-- Data extract follows --
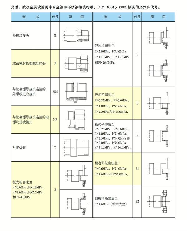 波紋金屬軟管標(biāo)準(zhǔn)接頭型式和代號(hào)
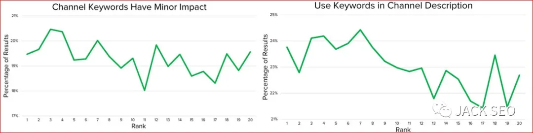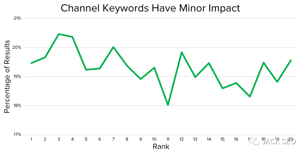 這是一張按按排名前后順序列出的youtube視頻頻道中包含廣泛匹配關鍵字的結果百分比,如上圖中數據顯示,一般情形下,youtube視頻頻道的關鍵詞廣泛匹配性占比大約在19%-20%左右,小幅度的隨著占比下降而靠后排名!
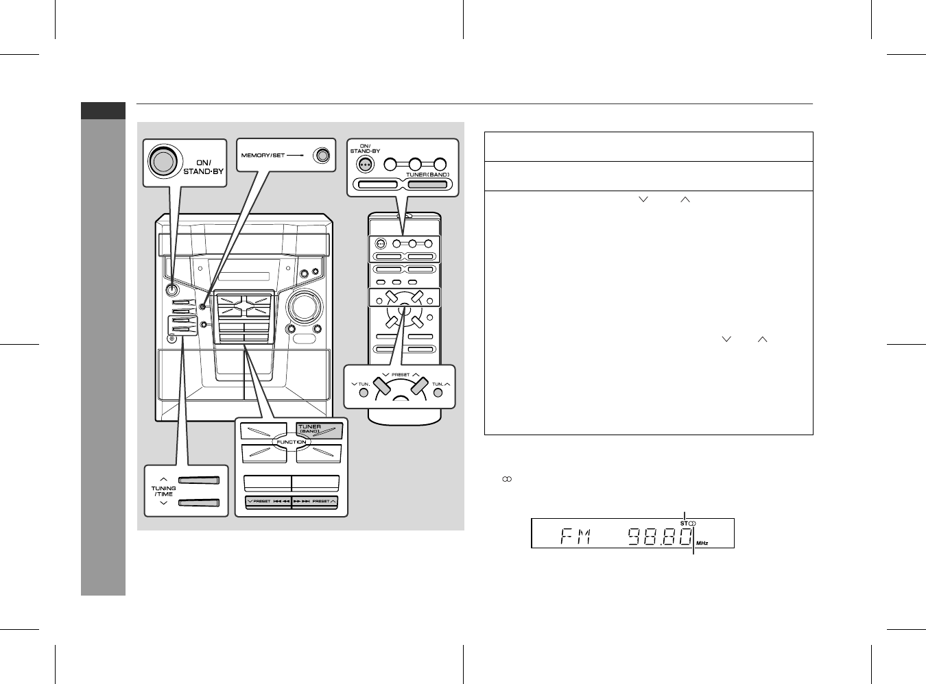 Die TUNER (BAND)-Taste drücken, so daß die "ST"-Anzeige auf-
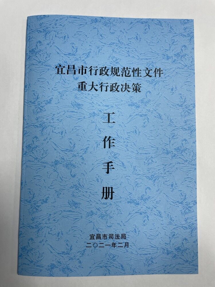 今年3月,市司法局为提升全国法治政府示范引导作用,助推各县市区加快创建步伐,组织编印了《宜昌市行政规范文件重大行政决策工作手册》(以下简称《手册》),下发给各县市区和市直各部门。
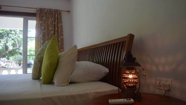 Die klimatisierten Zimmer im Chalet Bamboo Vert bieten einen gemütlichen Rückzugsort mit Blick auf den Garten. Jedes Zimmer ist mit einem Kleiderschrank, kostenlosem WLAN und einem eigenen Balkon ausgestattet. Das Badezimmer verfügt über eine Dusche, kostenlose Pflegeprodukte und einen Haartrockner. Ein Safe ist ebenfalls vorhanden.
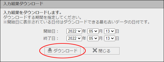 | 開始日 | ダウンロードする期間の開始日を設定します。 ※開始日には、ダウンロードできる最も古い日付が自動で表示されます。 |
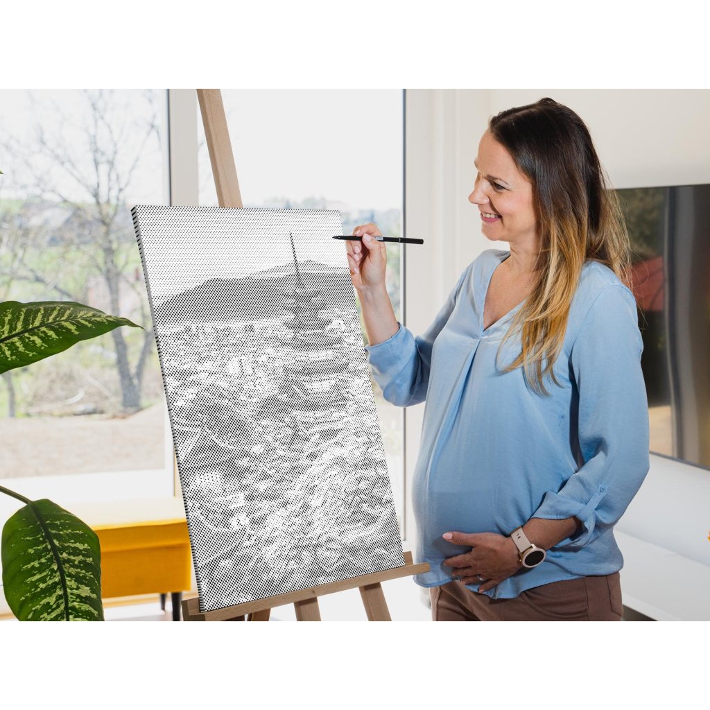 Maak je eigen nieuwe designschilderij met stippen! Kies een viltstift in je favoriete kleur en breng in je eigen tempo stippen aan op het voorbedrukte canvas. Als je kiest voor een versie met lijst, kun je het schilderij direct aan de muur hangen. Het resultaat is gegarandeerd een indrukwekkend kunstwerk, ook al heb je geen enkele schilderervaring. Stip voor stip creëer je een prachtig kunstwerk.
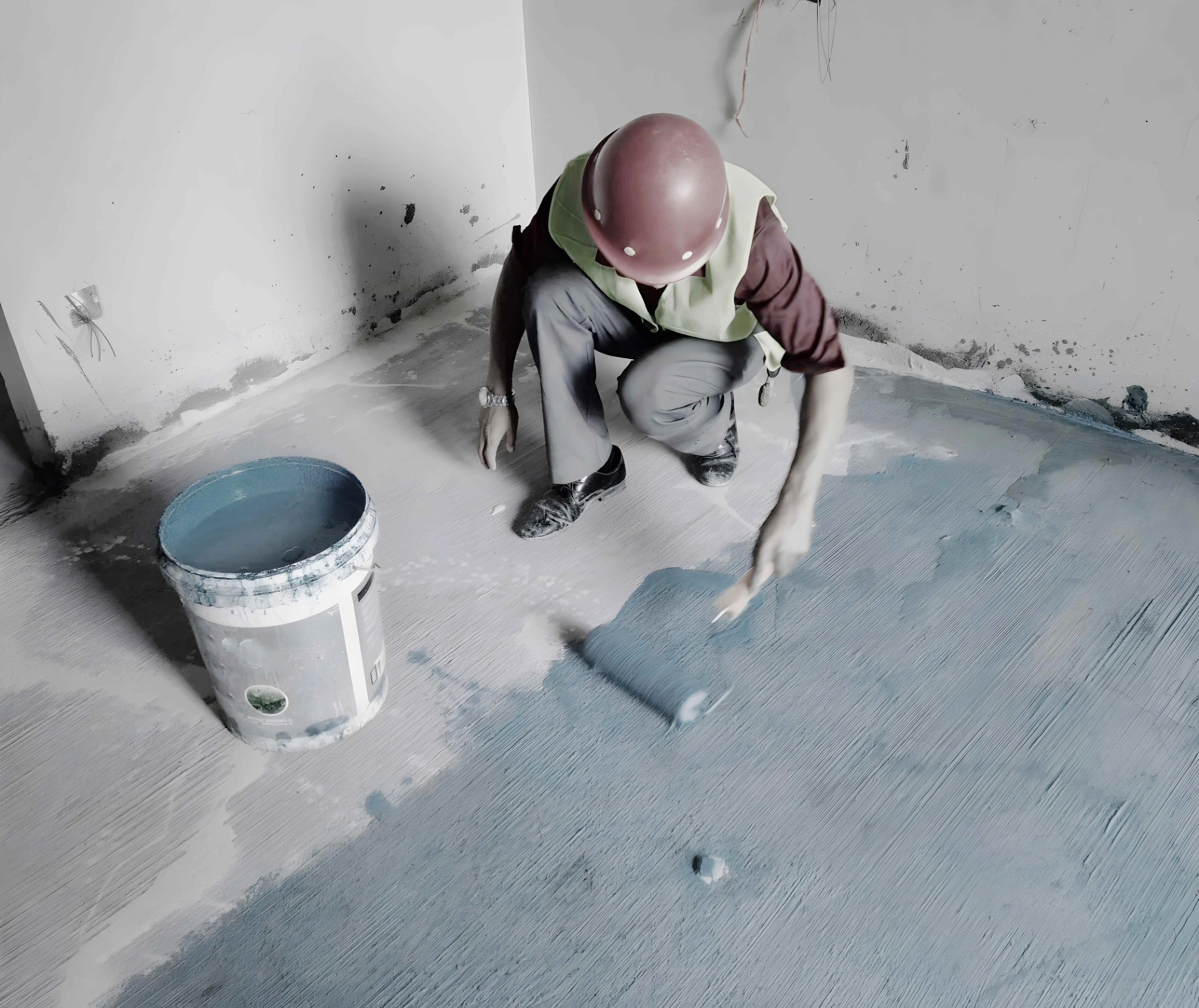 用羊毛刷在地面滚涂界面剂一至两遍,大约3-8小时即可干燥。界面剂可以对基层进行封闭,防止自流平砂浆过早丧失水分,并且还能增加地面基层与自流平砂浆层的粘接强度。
-- Data extract concluded --
-- Data extract follows --
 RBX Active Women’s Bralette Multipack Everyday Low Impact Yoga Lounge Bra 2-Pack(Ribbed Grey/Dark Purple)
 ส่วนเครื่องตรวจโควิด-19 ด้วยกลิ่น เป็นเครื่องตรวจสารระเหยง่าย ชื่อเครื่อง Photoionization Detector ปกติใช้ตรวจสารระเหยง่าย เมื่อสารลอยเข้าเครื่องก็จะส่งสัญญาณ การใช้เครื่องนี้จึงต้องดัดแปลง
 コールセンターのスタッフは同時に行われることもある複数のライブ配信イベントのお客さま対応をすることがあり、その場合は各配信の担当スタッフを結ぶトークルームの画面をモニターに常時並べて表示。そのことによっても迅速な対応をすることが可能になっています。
-- Data extract concluded --
Output exactly the lines above, from the line with "波紋金屬軟管標(biāo)準(zhǔn)接頭型式和代號(hào)" to the line with "Die TUNER (BAND)-Taste", both included; skip the pictures.

 波紋金屬軟管標(biāo)準(zhǔn)接頭型式和代號(hào)
 這是一張按按排名前后順序列出的youtube視頻頻道中包含廣泛匹配關鍵字的結果百分比,如上圖中數據顯示,一般情形下,youtube視頻頻道的關鍵詞廣泛匹配性占比大約在19%-20%左右,小幅度的隨著占比下降而靠后排名!
 Die TUNER (BAND)-Taste drücken, so daß die "ST"-Anzeige auf-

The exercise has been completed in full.